One area of dispute, sources close to the decision-making process say, was the appointment of a new governor for the country's central bank, Bank Negara. Daim's preferred candidate was his former deputy at the Finance Ministry, Mustapha Mohamad. But, according to sources close to the government, the prime minister preferred a more neutral candidate, choosing the bank's first woman governor, the respected economist--and politically unaligned--Zeti Akhtar Aziz.

Another key issue was control of the country's most influential English-language daily, the New Straits Times. Editorial control had formerly rested with executives and editors close to jailed former Deputy Prime Minister Anwar Ibrahim. But since Anwar's downfall, the paper has been run by figures widely perceived as being affiliated with Daim. Then in late April staunch Mahathir loyalist Abdullah Ahmad took over editorial control of the paper, a move widely seen as yet another slight to Daim.

The final area of dispute was also a corporate issue, but this time on an international scale. The heavily indebted Renong conglomerate, a group with close ties to Umno, announced that it had secured a strategic investment from Singapore Telecommunications as part of a scheme to restructure its Time dotCom subsidiary. Many analysts saw the move as a boost to both Renong and its executive chairman, Halim Saad, a Daim protégé.

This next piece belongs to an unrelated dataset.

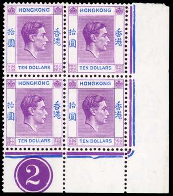 1947-52 $10 reddish violet and blue on chalky paper Plate 2 block of four from the right pane, lightly hinged on the selvedge, the stamps fine unmounted o.g. SG 162b

But at the last minute, Mahathir's reservations about allowing even a 20% stake in a unit of a key Malaysian group to go to a Singapore company sank the deal, which executives say was backed by Daim. Instead, Time dotCom appears set to get a capital injection from Khazanah, the government investment arm chaired by Mahathir.

On top of all this came the appointment in mid-May of Nor Mohamad Yakcop as special adviser to the prime minister on economic affairs, a post that had never existed because, as one analyst puts it, "it didn't have to: Daim was the only special adviser the PM needed or wanted."

That could be the final straw for Daim, who has long said that he returned to government (his first stint as finance minister lasted from 1984 to 1991) only to help the country in a time of crisis, and would prefer to return to private business as soon as he can.